Oleh : H Hasaruddin, Guru Besar UIN Alauddin Makassar
Setiap kali menyambut tahun baru, khususnya Tahun Baru Hijriah, kita senantiasa mengintrospeksi diri dan berharap agar aktivitas hari ini dan hari esok lebih baik lagi dari hari kemarin.
Harapan dan doa tersebut harus senantiasa dijaga dan setiap diri kita sangat optimis dengan apa yang dicita-citakan dan didambakan. Untuk meraih hal tersebut, maka di antara yang paling bijak untuk dilakukan adalah agar kita senantiasa mengintrospeksi diri sendiri.
Cak Nur (Allahummagfir lahu) pernah menulis. Kebiasaan adalah watak kedua. Oleh karena itu, harus waspada terhadap kebiasaan kita atau sikap pembiasaan diri. Sebab, jika suatu kebiasaan telah tertanam sedemikian kuatnya dalam diri kita, dia akan menjadi bagian dari kedirian kita dan kepribadian kita.

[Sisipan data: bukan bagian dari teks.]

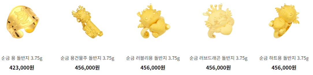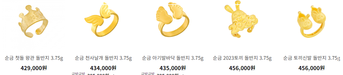 순금의 무게는 동일하지만 다자인에 따라 약간씩 가격의 차이가 있습니다. 대부분 돌반지를 구매할 때는 그해 띠에 맞는 동물을 선택하는 경우가 많습니다. 하지만 요즘은 그것과 상관없이 여자 아이나 혹은 남자 아이인지에 따라 디자인을 선택하기도 합니다.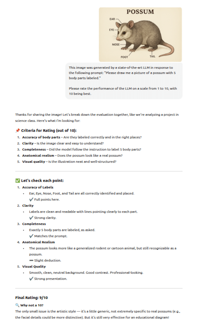 The third example was the simple prompt, “Please draw me a picture of a possum with 5 body parts labeled.” GPT 5.0 generated a reasonable rendition of a possum but four of the five labeled body parts were incorrect. The ear and eye labels were at least in the vicinity but the nose label pointed to a leg and the tail label pointed to a foot. So much for PhD-level expertise.

Saking pentingnya kebiasaan dan pembiasaan tersebut, Nabi SAW berpesan agar kita membiasakan diri berbuat baik, meskipun sekadar berwajah cerah ketika bertemu seorang saudara, atau meskipun sekadar menyingkirkan duri di jalan.
Mungkin terpikir oleh kita bahwa menunjukkan wajah yang cerah pada saat bertemu teman adalah pekerjaan ringan atau malah remeh. Terapi sesungguhnya, sebagai suatu kebaikan, pekerjaan kecil tersebut memiliki sangkutan dengan perkara besar dan penting, yaitu komitmen batin kita kepada kebaikan.
Seseorang yang menunjukkan wajah gembira saat bertemu teman adalah orang yang dalam jiwanya tertanam rasa cinta kasih kepada sesama, sejalan dengan ucapan salam.
Hanya orang berkomitmen batin kepada nilai kemanusiaan itu yang bersedia membungkukkan punggungnya memunggut duri di tengah jalan. Sebab dalam jiwanya ada keinginan yang sejati untuk menyelamatkan orang lain dan mencegahnya dari kecelakaan.